(foto Ansa)

oltre il colle

Ragioni geopolitiche per spingere Salvini a sostenere Draghi

Sergio Soave

Sostenere il premier in carica verso la corsa al Quirinale e abbandonare le posizioni euroscettiche, darebbe al leader leghista quella legittimità europea necessaria per puntare nel 2023 a Palazzo Chigi

Matteo Salvini in questi giorni ha oscillato molto, il che sembra indicare che si senta obbligato a scegliere tra due diverse prospettive politiche. Una, tutta interna al recinto nazionale, consiste nella competizione con Giorgia Meloni per il primato nel centrodestra. Però, se si fa a gara a chi strilla di più, è evidente il vantaggio di cui gode chi sta all’opposizione rispetto a chi alla fine deve accettare le mediazioni all’interno della maggioranza di governo. L’altra prospettiva, invece, potrebbe nascere da una riconsiderazione della collocazione internazionale, soprattutto europea, della Lega.

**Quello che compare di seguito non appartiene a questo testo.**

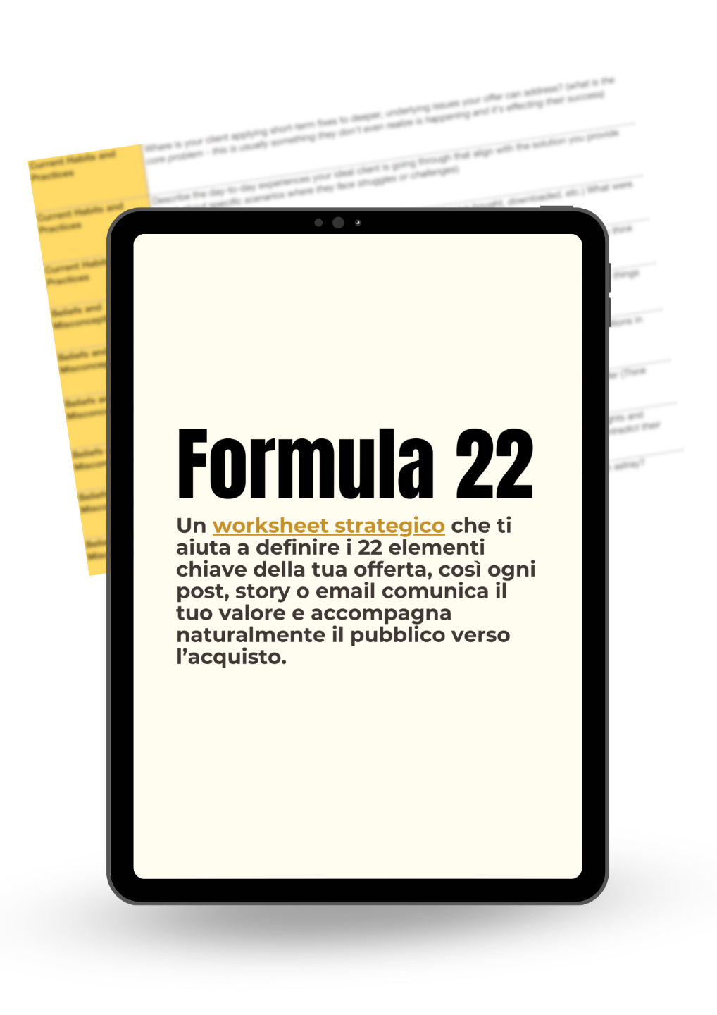 Un worksheet strategico che ti aiuta a definire i 22 elementi chiave della tua offerta, così ogni post, story o email comunica il tuo valore e accompagna naturalmente il pubblico verso l’acquisto.
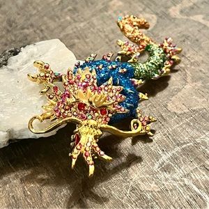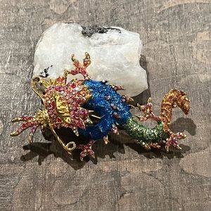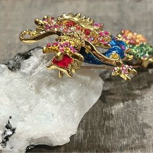 Gorgeous dragon pin. Great piece to celebrate the Chinese Zodiac. Colorful rhinestones. Brand new. Can be worn as a pin or pendant. Beautiful craftsmanship.
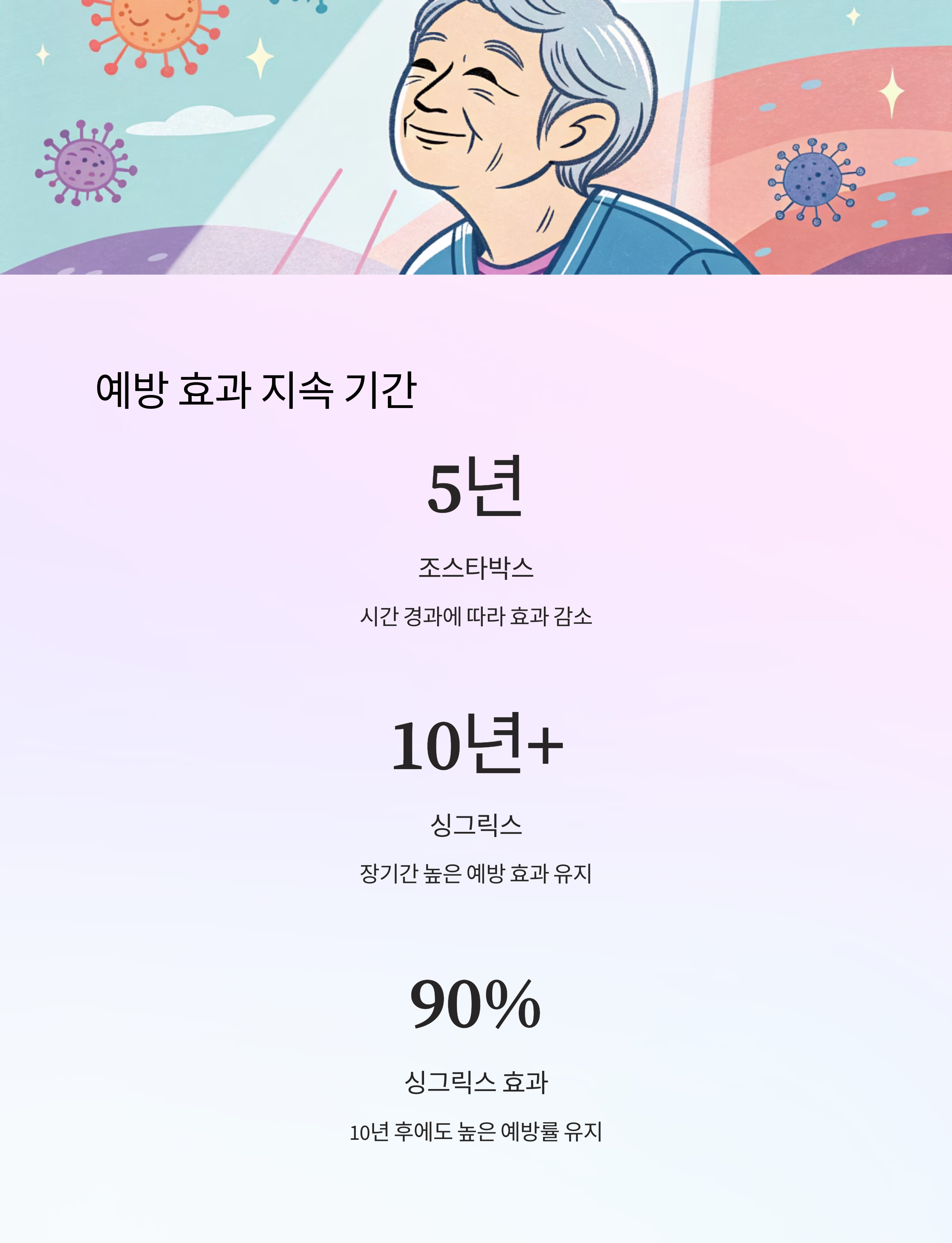 | 싱그릭스 | 예방 효과 90% 이상 | 예방 효과 유지 | 90% 가까이 유지됨 |

In questo campo si è di fronte a una novità di cui ancora non si apprezzano le effettive dimensioni: lo spostamento a destra della Cdu e quindi del Partito popolare europeo. La tattica suggerita già da un anno da Giancarlo Giorgetti, quella di far aderire la Lega al Ppe, rischiava di fallire per un veto tedesco, che ora è assai improbabile. Scegliere questa strada, sia direttamente sia attraverso quella federazione con Forza Italia di cui si era parlato nei mesi scorsi, permetterebbe a Salvini di chiudere l’intesa per la salita di Mario Draghi al Quirinale, senza temere che dopo le elezioni si creino ostacoli, dall’interno e dall’estero, alla sua candidatura a premier a causa di dubbi sulla sua affidabilità europeista. Da un altro punto di vista, la collocazione internazionale della Lega, che cercava un avallo americano ai tempi di Donald Trump, ora ha bisogno di nuovi ancoraggi. Del resto la borghesia produttiva del nord, che resta il punto di riferimento sociale fondamentale della Lega, può essere spinta verso atteggiamenti euroscettici su specifiche questioni, ma nel complesso si sente ancora integrata nel sistema economico e di scambi governato dalle istituzioni europee.

E proprio Mario Draghi ha mostrato come si può essere profondamente europeisti e proprio per questo rivendicare cambiamenti rilevanti nella politica concretamente praticata dall’Unione. Toccherà al governo in carica nella prossima legislatura il compito non facile di migliorare il patto di stabilità e crescita, e naturalmente avrà più possibilità di incidere un esecutivo non sospettato di un atteggiamento euroscettico pregiudiziale. I dubbi di Salvini, sul rischio che questa scelta venga interpretata come un cedimento e una rinuncia alle posizioni precedenti, sono comprensibili e anche da questo probabilmente originano le sue recenti oscillazioni. Tuttavia i cambiamenti che si sono verificati in Germania e in America richiedono un riposizionamento anche per ragioni oggettive e ogni politico di un qualche valore sa che ogni scelta deve confrontarsi con la realtà in mutamento, altrimenti la coerenza si trasforma in vacua testardaggine.